Happy New Year, all!


----------



## fizzerbird (Jan 1, 2006)

Happy new year to you all!

Good start to the newyear...mushiness...snuggles...sleep...chocolates...doing fek all...not bothering to get dressed...dossing around...sleeping...drinking.

Don't we have a bash coming up in thr not too distant future?


----------



## liberty (Jan 1, 2006)

Happy New Year from London


----------



## fat hamster (Jan 2, 2006)

fizzerbird said:
			
		

> Don't we have a bash coming up in thr not too distant future?


'Deed we do, fizzer,   'deed we do!   


Isambard and fat hamster will be "At Home" 
on the weekend of 4th February:


----------



## WasGeri (Jan 2, 2006)

Happy new year all.

See you on the 4th Feb, if not before!


----------



## on_the_fly (Jan 2, 2006)

yer all happy new years



Woner where the 1st of January went ? Anyone seen it at all i seem to have misplaced it !


----------



## fat hamster (Jan 2, 2006)

on_the_fly said:
			
		

> Woner where the 1st of January went ? Anyone seen it at all i seem to have misplaced it !
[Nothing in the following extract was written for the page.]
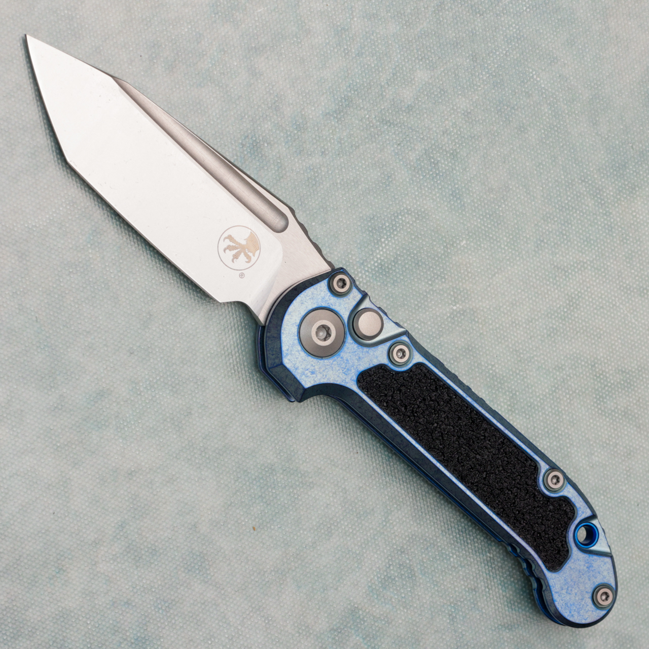 Microtech Marfione Select LUDT T/E Gen III Ice Blue Titanium Handle w/ Black Grip Tape Inlays Stonewash Standard Blue Accent 1136-10MS12
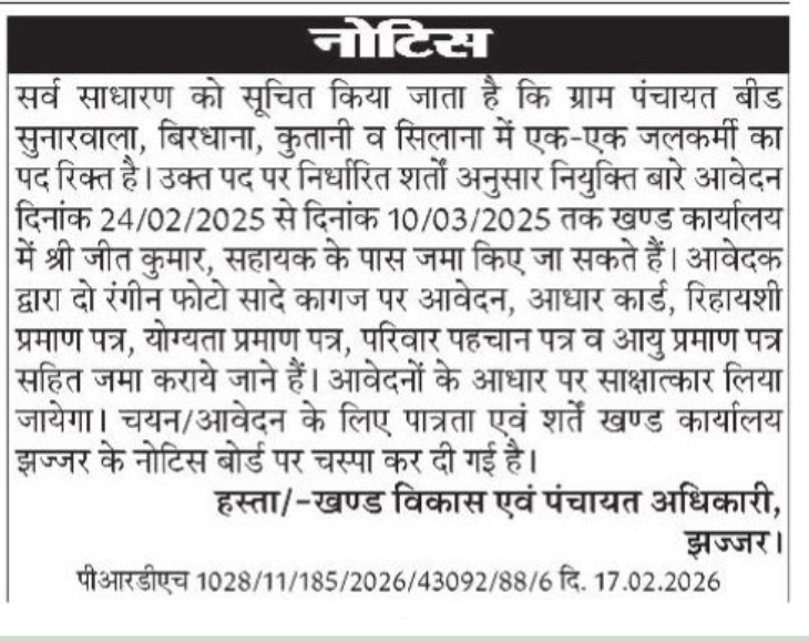 Haryana Tubewell Operator Vacancy 2026: खंड विकास एवं पंचायत अधिकारी झज्जर जिले के विभिन्न गांव में एक एक जलकर्मी भर्ती का नोटिफिकेशन जारी किया गया है। इच्छुक उम्मीदवार इस भर्ती के लिए 24 फरवरी 2026 से 10 मार्च 2026 तक ऑफलाइन माध्यम से आवेदन जमा करवा सकते हैं। इस भर्ती में उम्मीदवार का चयन बिना कोई लिखित परीक्षा इंटरव्यू के आधार पर किया जाएगा। इस भर्ती से संबंधित पूरी जानकारी नीचे दी गई है।

Heh, you think you've got problems - I just got one of those text-to-landline messages, sent today apparently, saying "Have a great night and a wonderful 2007, love gill".


----------



## sparkling (Jan 2, 2006)

fat hamster said:
			
		

> Heh, you think you've got problems - I just got one of those text-to-landline messages, sent today apparently, saying "Have a great night and a wonderful 2007, love gill".


----------



## Sunspots (Jan 2, 2006)

fat hamster said:
			
		

> "Have a great night and a wonderful 2007, love gill".



Ah, _bless._  

I guess there's no harm in a bit of forward thinking, is there?


----------



## Isambard (Jan 2, 2006)

I made the executive to decision to have a day off work day after mistakenly let myself get dragged to a trashy 50-60s pop night last night that I thought would smooth the comedown but just left with a hangover and a desire for Special K.

Public apologies where appropriate for munted texts where appropriate.
Aparteently I was a wee bit munted.


----------



## on_the_fly (Jan 2, 2006)

I think i sent too many fuct text NYE so i apologise to anyone on the receiving end of jibberish..

NOT MY FAULT I CANT FOCUS !


----------



## easy g (Jan 3, 2006)

all t'best folks


----------



## strung out (Apr 8, 2006)

belated happy new year everyone


----------



## lizzieloo (Apr 8, 2006)

Tedix said:
			
		

> belated happy new year everyone



You're proper bored then...............


----------